RECORD EXCERPTS
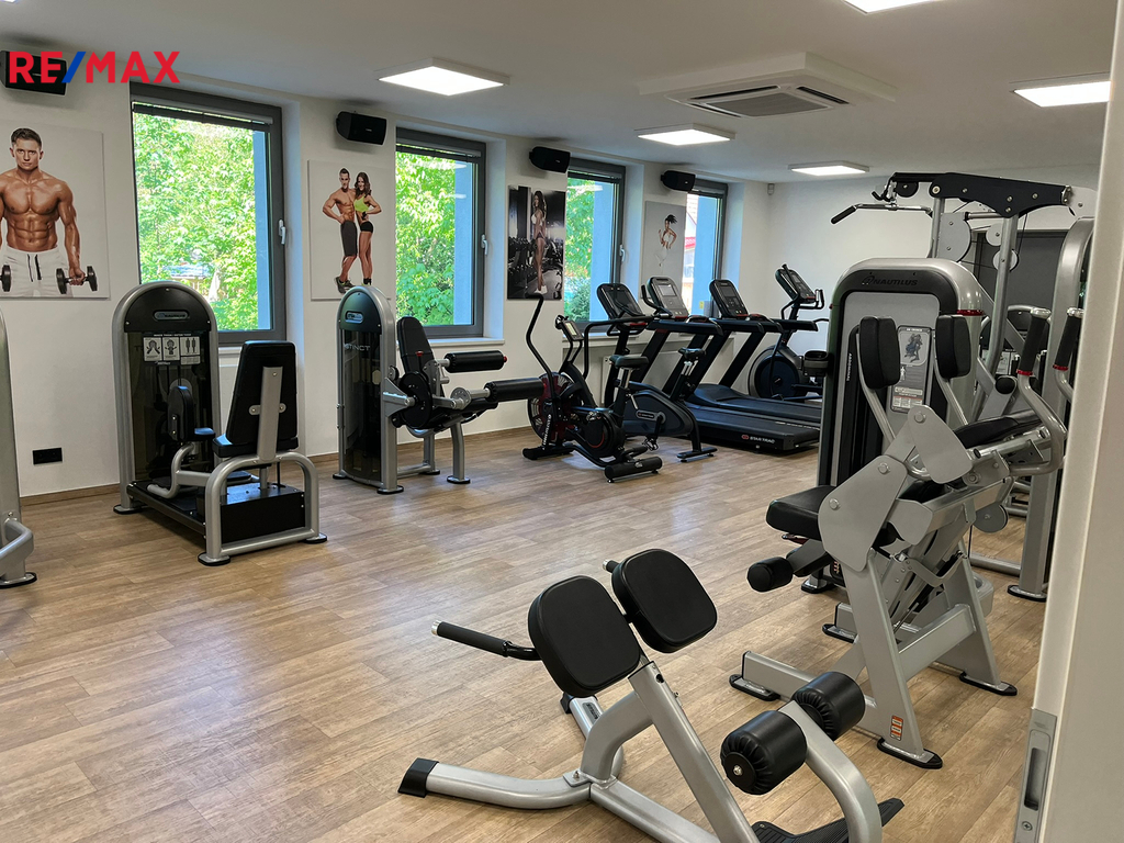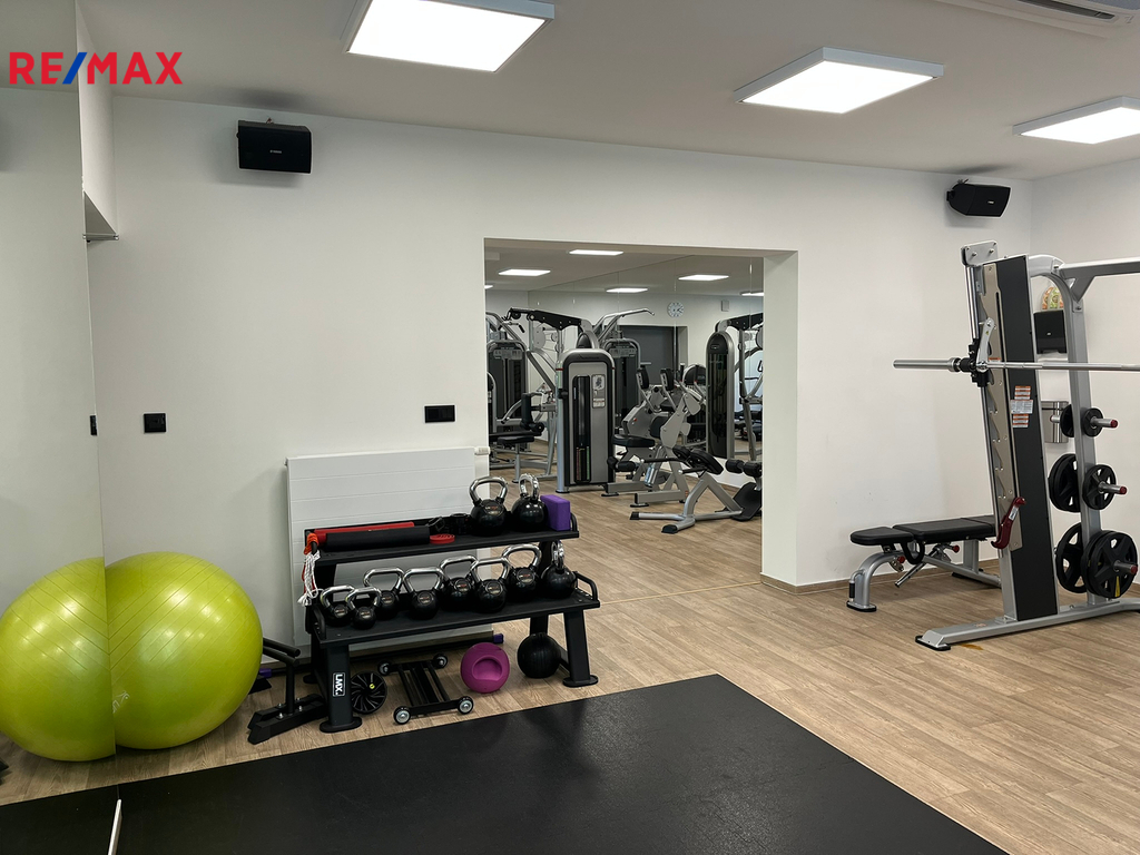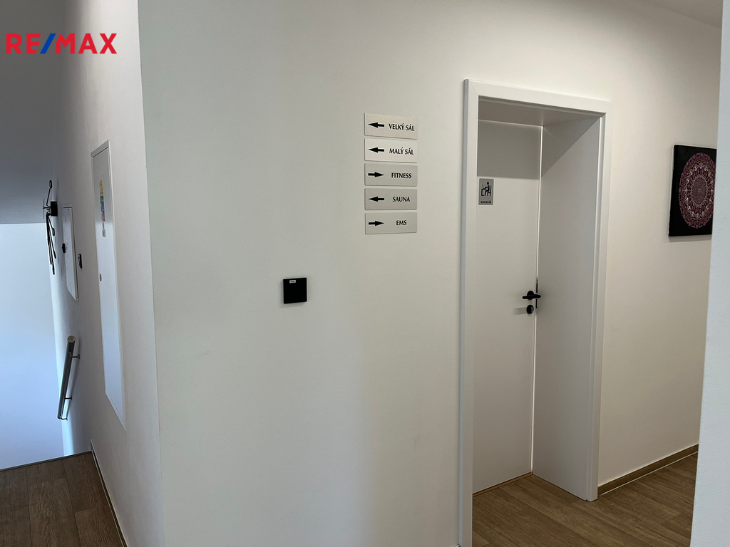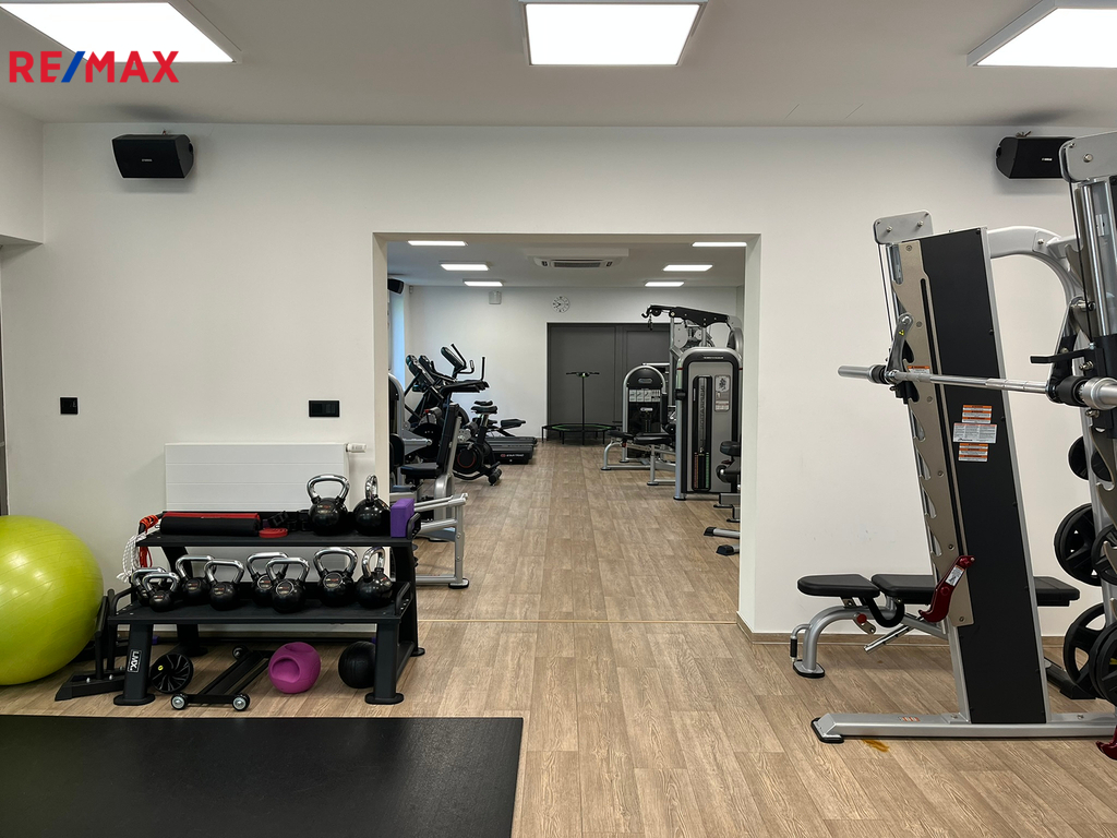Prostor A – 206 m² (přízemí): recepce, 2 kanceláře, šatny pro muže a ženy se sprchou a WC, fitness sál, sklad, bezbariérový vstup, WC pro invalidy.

--

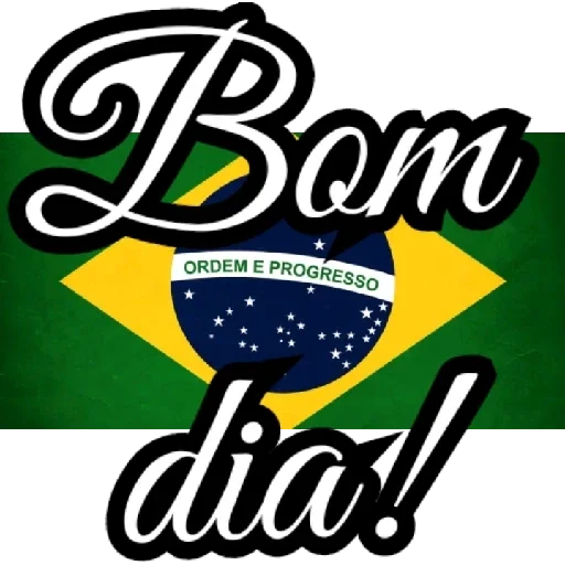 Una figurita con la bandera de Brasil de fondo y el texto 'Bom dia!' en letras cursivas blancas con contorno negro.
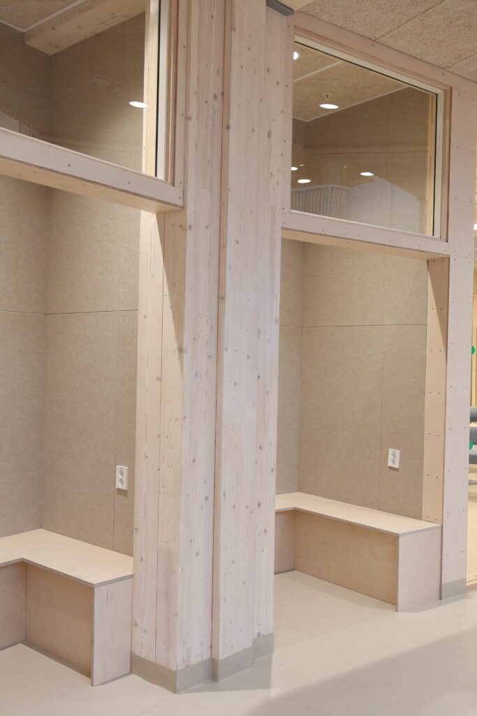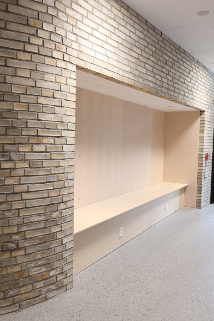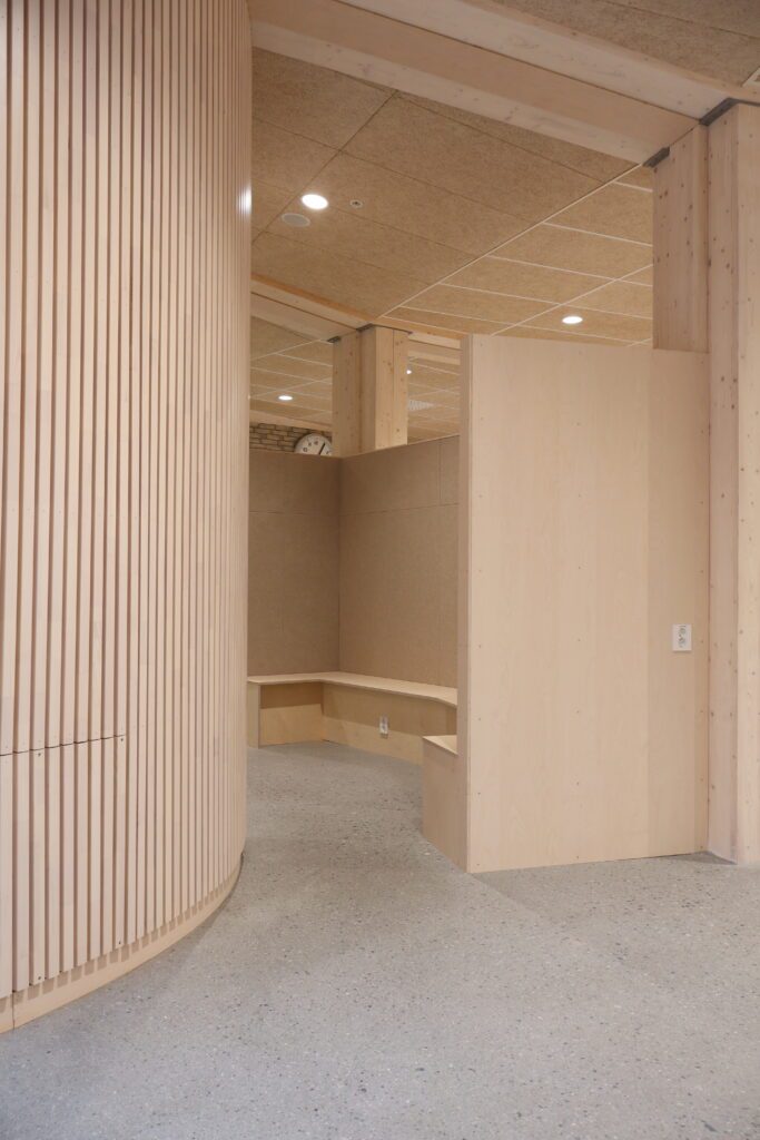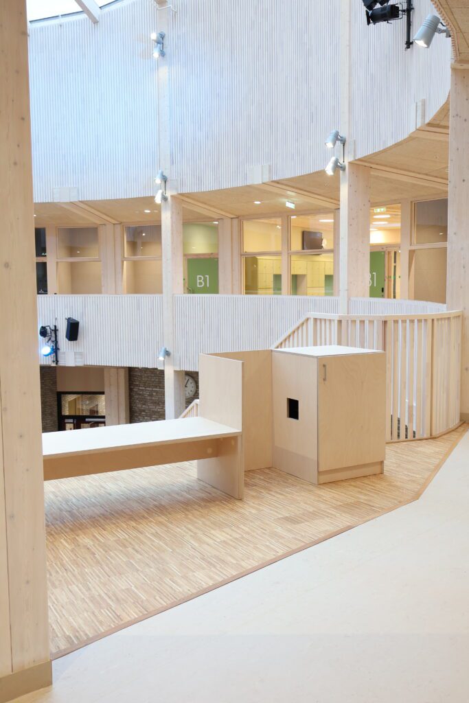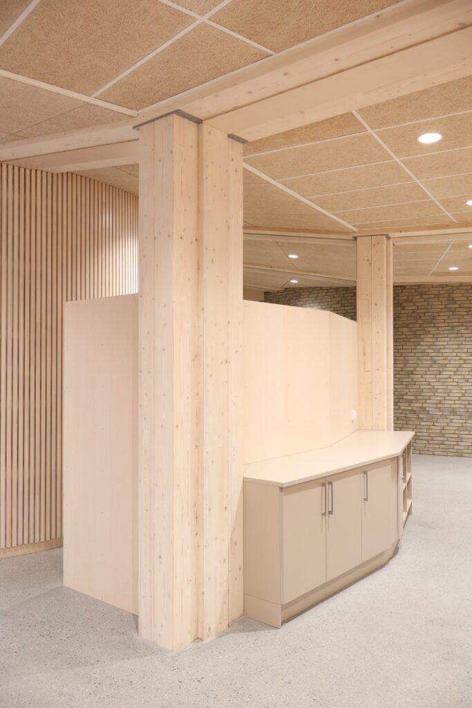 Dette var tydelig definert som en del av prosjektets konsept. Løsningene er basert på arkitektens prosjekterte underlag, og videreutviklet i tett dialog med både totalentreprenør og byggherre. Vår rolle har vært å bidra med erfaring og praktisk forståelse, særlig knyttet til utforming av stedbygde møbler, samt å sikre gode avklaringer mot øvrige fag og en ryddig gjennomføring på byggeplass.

WORK REQUIRED
From the line holding "Una figurita con" to the line holding "Dette var tydelig", both included, retype the entries above exactly and drop the pictures.

YOUR RESPONSE
 Una figurita con la bandera de Brasil de fondo y el texto 'Bom dia!' en letras cursivas blancas con contorno negro.
 Dette var tydelig definert som en del av prosjektets konsept. Løsningene er basert på arkitektens prosjekterte underlag, og videreutviklet i tett dialog med både totalentreprenør og byggherre. Vår rolle har vært å bidra med erfaring og praktisk forståelse, særlig knyttet til utforming av stedbygde møbler, samt å sikre gode avklaringer mot øvrige fag og en ryddig gjennomføring på byggeplass.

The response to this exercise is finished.